### GIVEN RECORDS
┌──
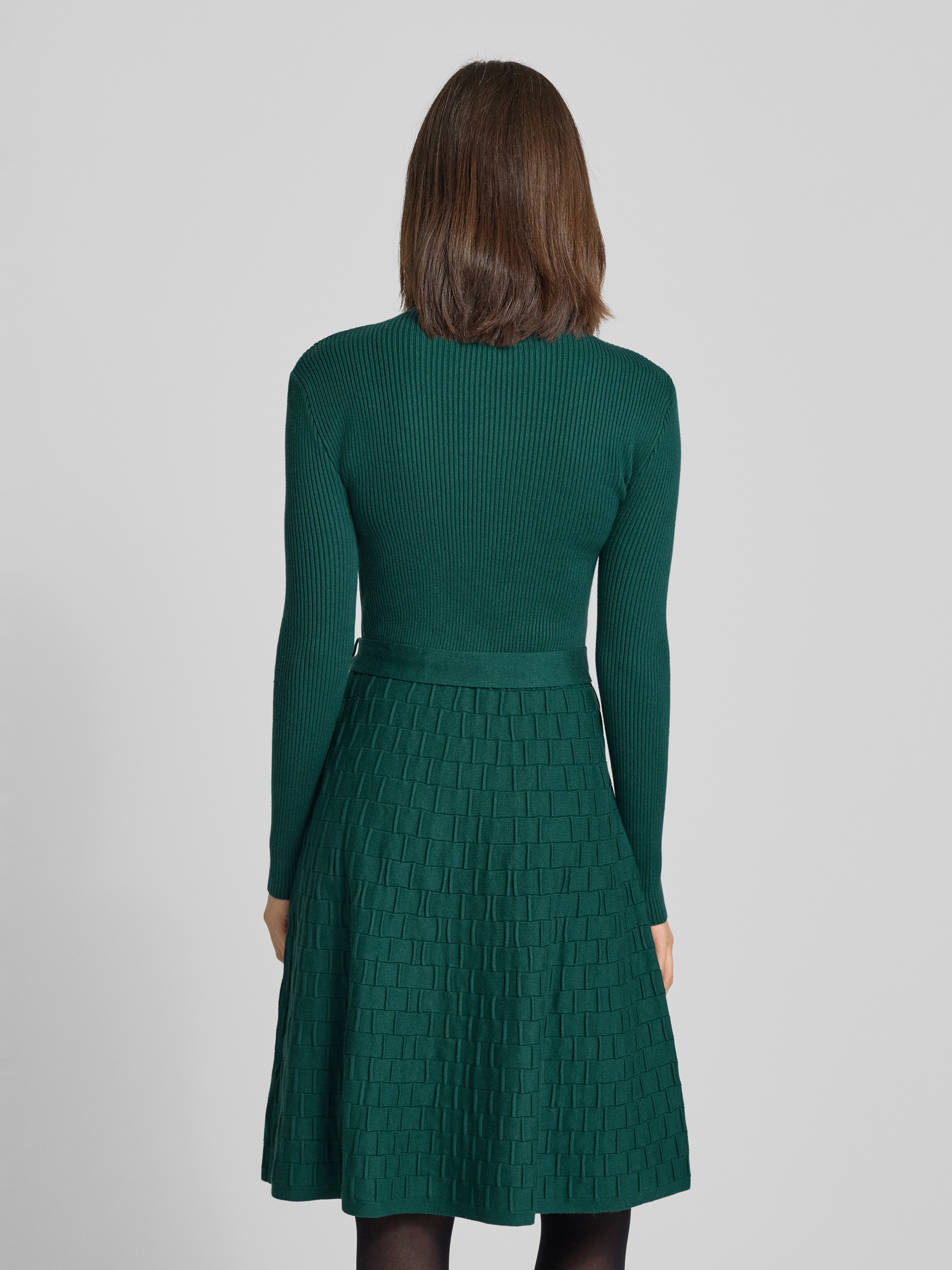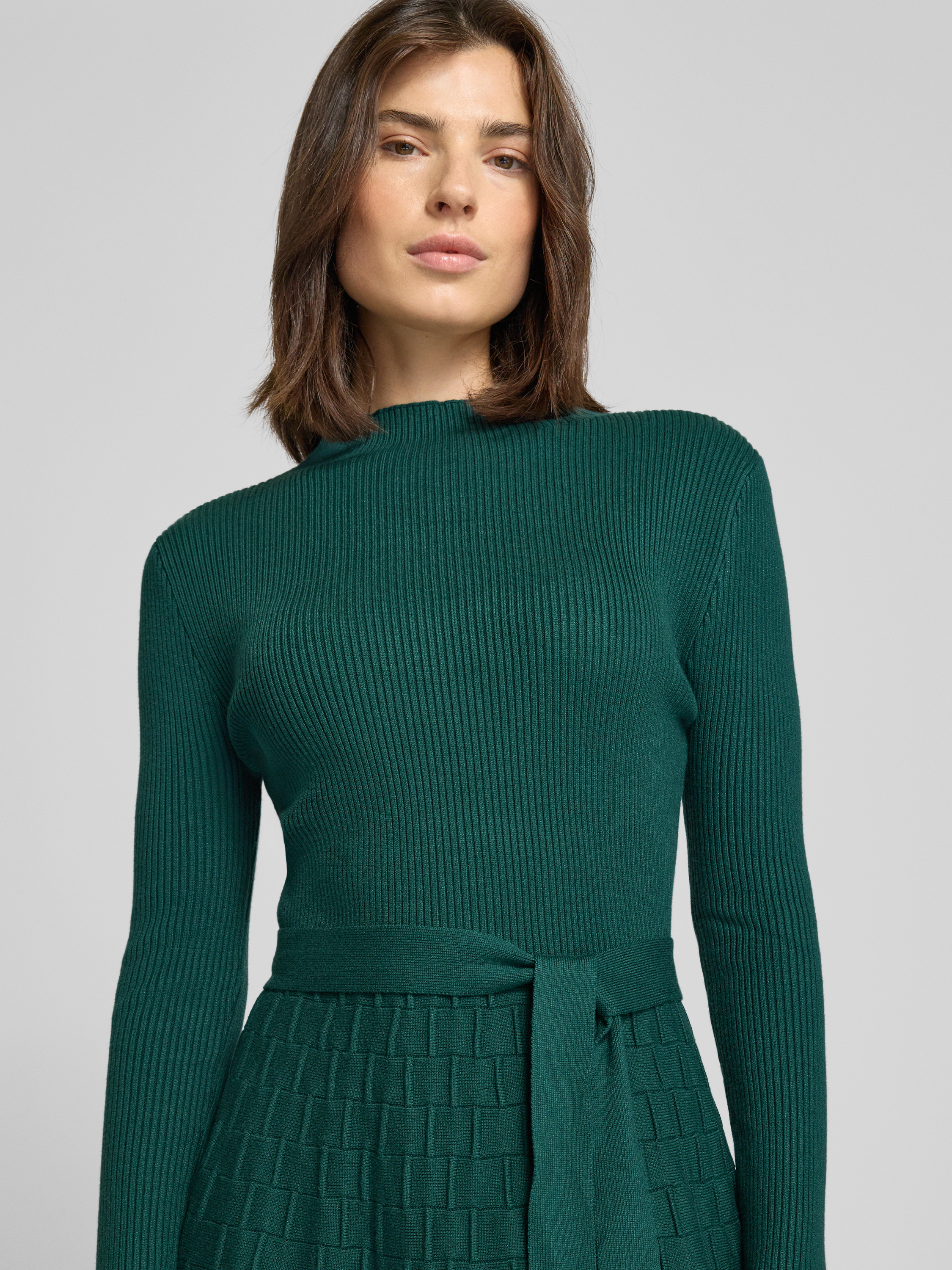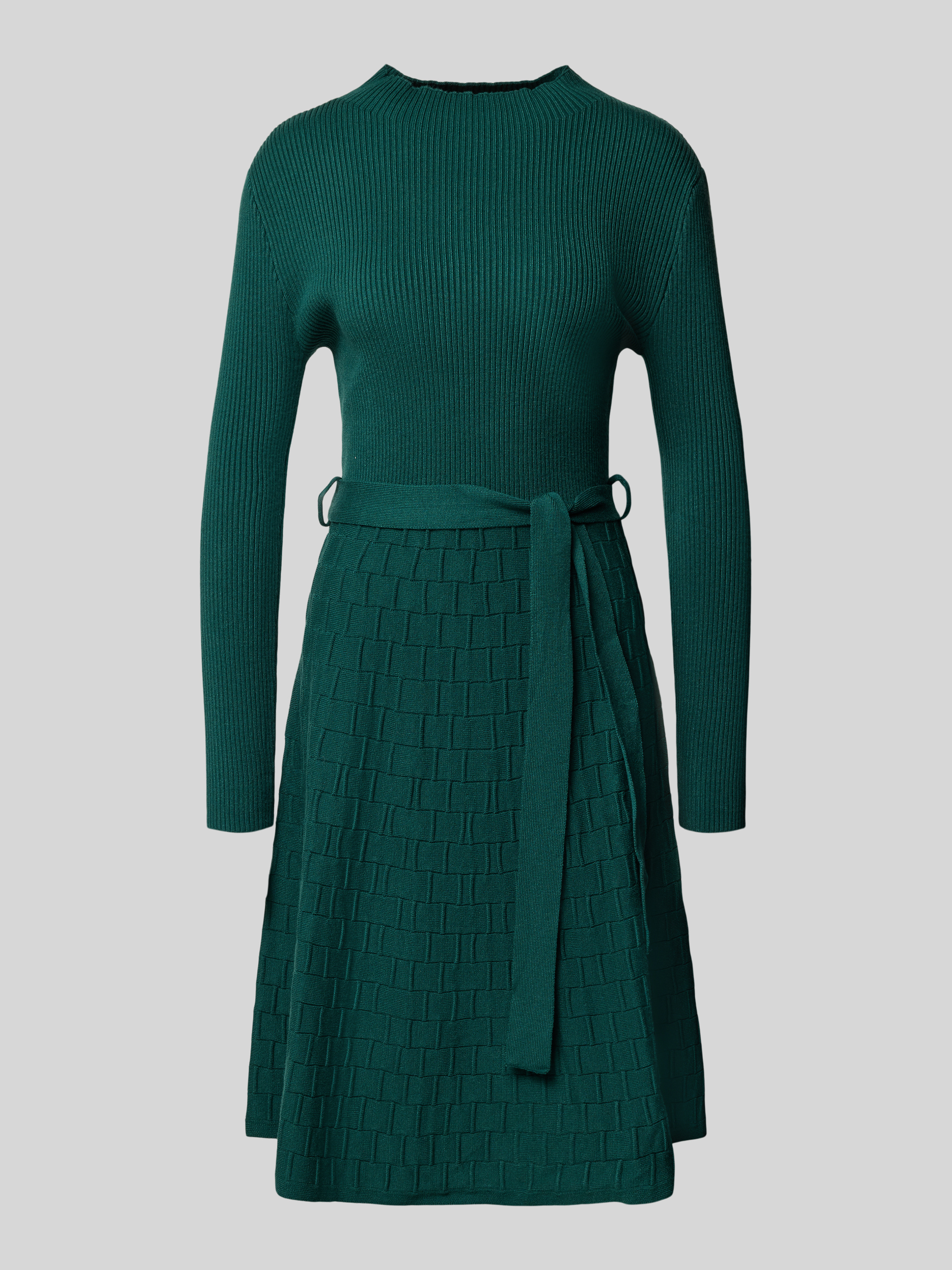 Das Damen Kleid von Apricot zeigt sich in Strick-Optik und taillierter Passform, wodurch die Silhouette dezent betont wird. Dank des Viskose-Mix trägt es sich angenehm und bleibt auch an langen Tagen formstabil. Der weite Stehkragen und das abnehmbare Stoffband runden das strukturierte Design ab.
└──
┌──
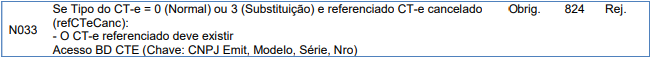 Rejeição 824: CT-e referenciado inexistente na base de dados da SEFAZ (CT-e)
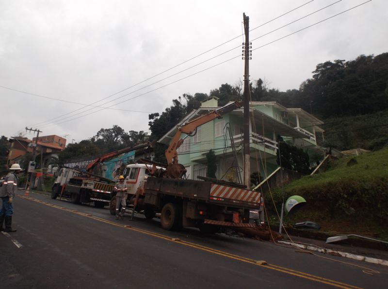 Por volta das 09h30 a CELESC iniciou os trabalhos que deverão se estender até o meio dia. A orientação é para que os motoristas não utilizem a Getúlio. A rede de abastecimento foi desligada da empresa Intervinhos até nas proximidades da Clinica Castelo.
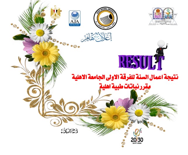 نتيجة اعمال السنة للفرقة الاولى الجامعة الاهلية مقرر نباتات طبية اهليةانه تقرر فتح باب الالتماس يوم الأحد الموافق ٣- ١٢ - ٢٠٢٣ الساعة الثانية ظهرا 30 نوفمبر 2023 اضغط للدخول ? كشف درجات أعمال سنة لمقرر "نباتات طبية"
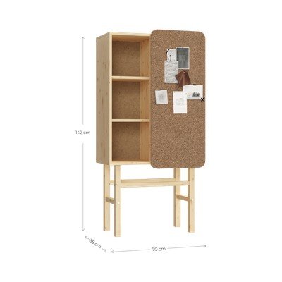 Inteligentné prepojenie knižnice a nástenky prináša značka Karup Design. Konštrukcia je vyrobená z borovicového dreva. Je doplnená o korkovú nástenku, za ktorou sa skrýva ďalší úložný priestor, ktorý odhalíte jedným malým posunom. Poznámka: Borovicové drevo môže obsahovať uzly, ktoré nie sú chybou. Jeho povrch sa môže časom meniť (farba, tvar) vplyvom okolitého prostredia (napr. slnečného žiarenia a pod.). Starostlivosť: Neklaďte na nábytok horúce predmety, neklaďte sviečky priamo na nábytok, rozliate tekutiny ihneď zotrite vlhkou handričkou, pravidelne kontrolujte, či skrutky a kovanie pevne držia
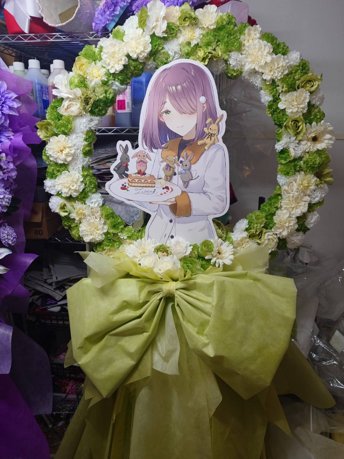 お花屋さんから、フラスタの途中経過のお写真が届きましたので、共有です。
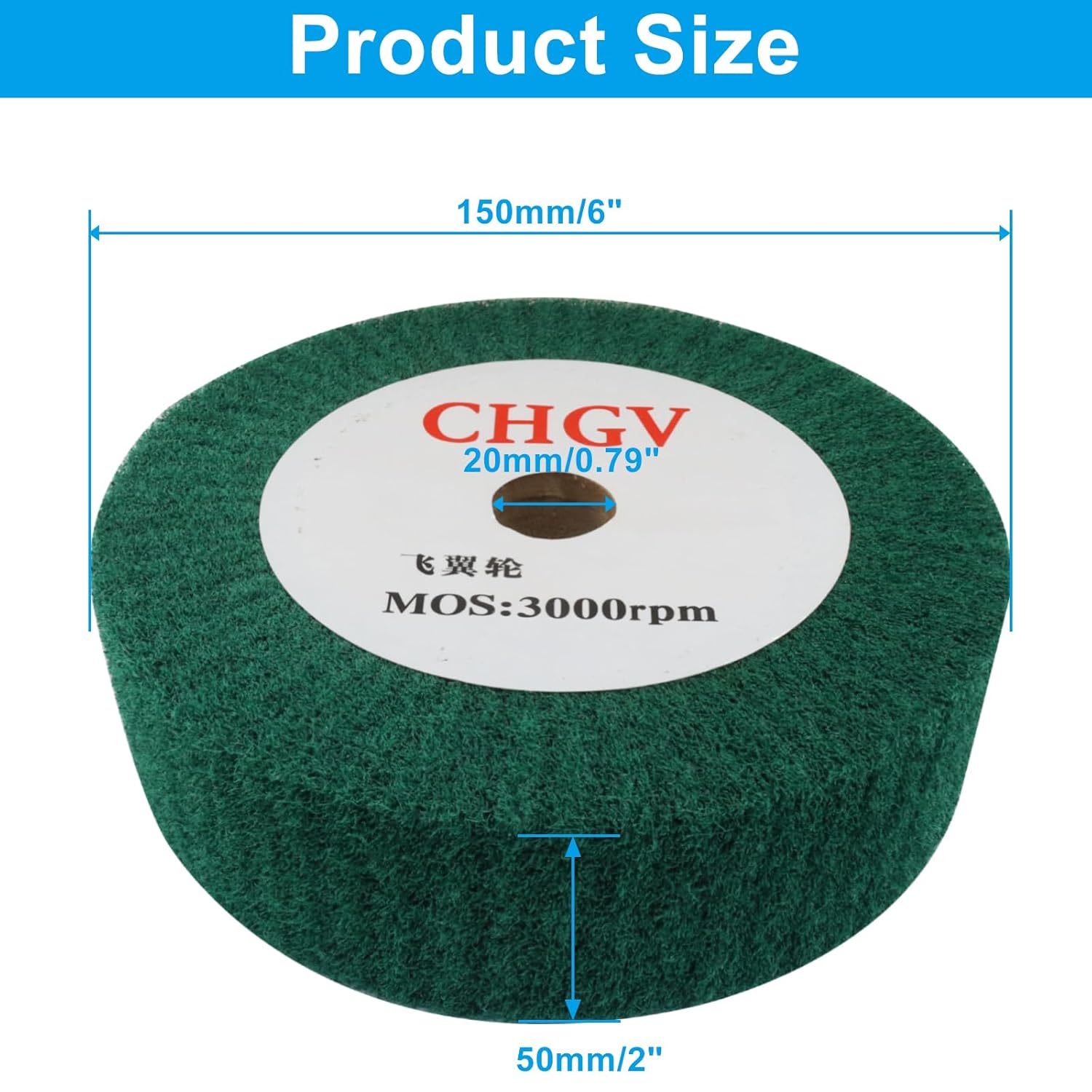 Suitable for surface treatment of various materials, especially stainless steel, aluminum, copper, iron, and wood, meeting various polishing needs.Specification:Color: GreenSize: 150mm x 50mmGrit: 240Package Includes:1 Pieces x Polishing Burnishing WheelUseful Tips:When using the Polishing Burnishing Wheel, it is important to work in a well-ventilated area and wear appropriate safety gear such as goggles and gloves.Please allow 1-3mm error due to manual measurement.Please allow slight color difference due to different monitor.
└──
### DIRECTIONS
Quote word for word only the lines above from the one containing "Por volta das" through the one containing "نتيجة اعمال السنة". Pictures stay out of your copy.

### EXPECTED ANSWER
 Por volta das 09h30 a CELESC iniciou os trabalhos que deverão se estender até o meio dia. A orientação é para que os motoristas não utilizem a Getúlio. A rede de abastecimento foi desligada da empresa Intervinhos até nas proximidades da Clinica Castelo.
 نتيجة اعمال السنة للفرقة الاولى الجامعة الاهلية مقرر نباتات طبية اهليةانه تقرر فتح باب الالتماس يوم الأحد الموافق ٣- ١٢ - ٢٠٢٣ الساعة الثانية ظهرا 30 نوفمبر 2023 اضغط للدخول ? كشف درجات أعمال سنة لمقرر "نباتات طبية"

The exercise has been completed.